Address for Correspondence
Nasser Janmohammadi,
Departpment of Orthopedics,
Sahid Beheshti Hospital,
Babol UniversiTy of Medical Sciences , Babol, Iran
Tel:+981113239565   Fax:+981112227667
E-mail:dr_janmohammadi@yahoo.com

Abstract

Objective: Refracture is a serious complication of fracture , cause of redisability and is difficult to treatment. The purpose of this study was to evaluate epidemiology and influencing factors of refracture.
Methods: From April 2002 to December 2004,  patients with refracture who were admitted in Babol Sahid Beheshti Hospital were studied. Epidemiological features and influencing factors of refracture were recorded .
Results: During this period, 40 patients were studied. Frequency of refracture was 2.6%. Refracture was more common in: men (80%), in the younger than 20 years old (40%), Overweight (52.5%), light work (67.5%), low education (80%), fracture with transverse pattern(47.5%), fractures caused by indirect and low energy trauma(79.5%) , left side (57.5%), upper extremity (57.5%), forearm bones (47.5%) and femur (37.5%). Rigid plate fixation (42.5%), early weight bearing (76.5%) and improper cooperation (67.5%) also were found as predisposing factors to refracture .
Conclusion: There is correlation between gender, age, weight, Job, level of education, type, pattern and mechanism of fracture. Refracture is more common in left side, upper limb, forearm and femur bones  and it is more frequent after fixation of fracture with rigid plate. Post operative early weight bearing was found as influencing factors and most refracture occurred in the first year post operative period (risk period). 

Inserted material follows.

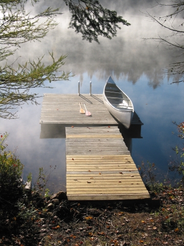 After we arrive at the parking lot, we unlock the boat, retrieve the paddles that we keep lashed to the seats, and paddle approximately 1/2 mile to the dock at our camp. Once at the camp, we put our 12' Alumacraft in the water and attach an 8 horse power Johnson, both of which are stashed at the camp. This makes it a lot easier to traverse the lake from the camp to the dock and car. Having said that, there is something very appealing about motorless transport. I can honestly say that if all the residents of the lake agreed to eliminate motor powered transport, I would happily comply (There is no danger that this will ever happen however, at least until we deplete the planet's petroleum reserves)

Key words : Refracture , Epidemiology , Influencing Factors

J.Orthopaedics 2005;2(5)e2

Introduction:

One of the serious complication of fractures is refracture which occur after treatment, during and after healing, and after removal of devices  for fixation (1) . Refracture usually occurs with minor trauma. The incidence of refracture ranges 1 to 30%  and differs according to age, special bone and different methods of treatment (2-8) .

Treatment of refracture in comparison with primary fracture is more difficult Knowing the epidemiology and influencing factors of refractures may induce for reduction of its occurrence. This study was conducted to evaluate the epidemiology and influencing factors of refracture in our department.

Material and Methods :

From April 2002 to December 2004, patients with refracture who were attended to department of Orthopedics, Shahid Beheshti Teaching Hospital, Babol Medical University were studied. Gender, age, weight, Job, levels of education, type of primary fracture in refracture cases (closed or opened), pattern of fracture ( transverse, oblique, with butterfly fragment, segmental and comminuted), mechanism of primary fracture (low or high energy), and its side, limb, and involved bone were recorded. Time of refracture after cast removal is classified to less than 4 weeks, 4 to 6 weeks and more. Cooperation of patients after post operation was classified as good, fair and poor. The period between primary fracture treatment and occurrence of refracture  also were noted .

Results :

During this period, 1522 patients with fracture were admitted. Among them, 40 cases had refracture (2.6% ).

Thirty-two (80%) cases were males and in 52.5% cases, refracture occurred in patients less than 20 years old. With regard to weight, 22.5% had less than 40kg.Twenty-seven( 67.5%) had light work and 23.5% had heavy work . regarding to educational status, twenty (50%) cases were elementary educated (table 1).

Table 1;Chracteristics of patients with refracture
 

Patient characteristic

No(%)

Sex:

Male

Female

 

32(80)

8(20)

Age:

<20years                                             

20-50 years

>50 years

 

 

21(52.5)

14(35)

5(12.5)

Wieght:

<40 kg

40-70 kg

>70 kg

 

 

9(22.5)

10(25)

21(52.5)

Job:

Light

Heavy

 

25(67.5)

15(32.5)

 

Education:

Illitrate

Elementary

Diploma

 

12(30)

20(50)

8(20)

 

Thirty-nine (97.5%) of primary fracture of these cases were closed. The pattern of primary fractures were as follows: transverse 47.5%, oblique 30%,comminuted 12.5%,each of segmental and butterfly were 5%.Thirty-nine( 97.5%) of refracture caused by indirect low energy trauma.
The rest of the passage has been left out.